EXTREMELY WICKED ostensibly looks at the Bundy story from Liz Kloepfer's point-of-view, but Berlinger sort-of drops the ball on that angle, starting with a rapid jump from 1969 to 1974. We don't see much of the foundation of her relationship with Bundy, or why she sticks with him despite all the evidence against him, and the film ultimately resorts delaying a reveal in the story until it can make a dramatic impact, except that it doesn't really land. Berlinger obviously knows Efron-as-Bundy is the selling point here, so it doesn't take long to shift to that focus, whether it's his two escapes from custody (one from a courthouse and the other from an Aspen jail) and his circus of a trial in Florida (where he fled after Aspen), when he fires his public defender (Brian Geraghty) and represents himself, with prison groupies forming a Bundy fan club in the courtroom, cheering him on and often describing him as "dreamy" and admitting to reporters that they fantasize about him.

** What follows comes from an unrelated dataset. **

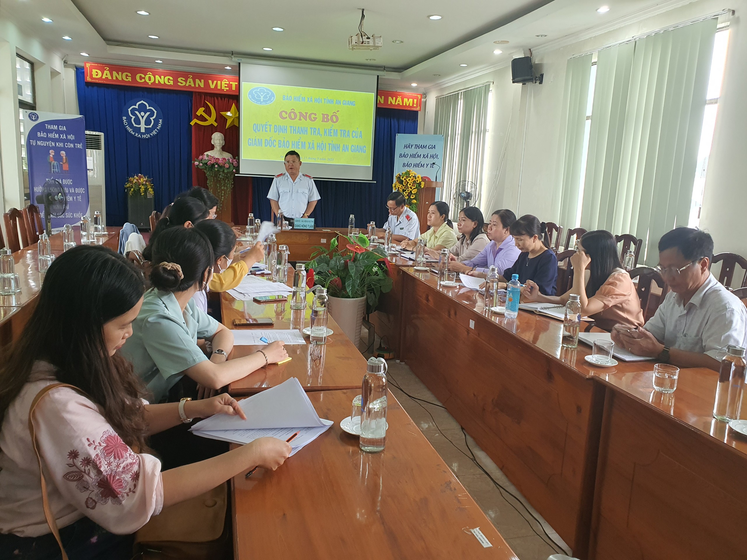 Sáng ngày 15/9, Bảo hiểm xã hội tỉnh An Giang tổ chức công bố Quyết định thanh tra, kiểm tra chuyên ngành đóng bảo hiểm xã hội (BHXH), bảo hiểm y tế (BHYT), bảo hiểm thất nghiệp (BHTN) tại các đơn vị sử dụng lao động trên địa bàn tỉnh. Ông Đặng Hồng Tuấn, Giám đốc Bảo hiểm xã hội tỉnh An Giang chủ trì buổi công bố.

Exploring that bizarre phenomenon (known as hybristophilia, with Bundy arguably the most prominent example) might've been a more interesting subject for Berlinger to explore, especially when it comes to the pathetic Carole Ann Boone (Kaya Scodelario), a former co-worker of Bundy's in Seattle who follows him to Utah and eventually to Florida, all in the hopes of getting him to fall in love with her.

We never see any of Bundy's killings, but with his tangles with the law and his antics in the courtroom where he often spars with the sardonically folksy judge (John Malkovich) and the incredulous prosecutor (Jim Parsons), all we're left with concerning Liz is her increasing dependence on booze and a hesitant relationship with her nice-guy co-worker Jerry (Haley Joel Osment), who keeps unsuccessfully trying to get her to forget Bundy and move on. This only leads to cliches, like the inevitable scene of Liz gathering all of her empty liquor bottles and throwing them in a trash can, and Berlinger resorting to Scorsese needle-drops like Bundy being hauled out of court to Emerson, Lake & Palmer's "Lucky Man," and escaping from the Aspen courthouse from a second-story window to The Box Tops' "The Letter." EXTREMELY WICKED is a serial killer thriller that wants to be different, realizes there's not enough there for what it wants to do, then tries to have it both ways, which only results in an uneven structure and a lack of focus. In other words, it's flawed but not without interest, thanks mostly to a revelatory performance by Efron and some solid supporting work from the cast, particularly Scodelario, who's good enough here that you wish the story was being told from her POV.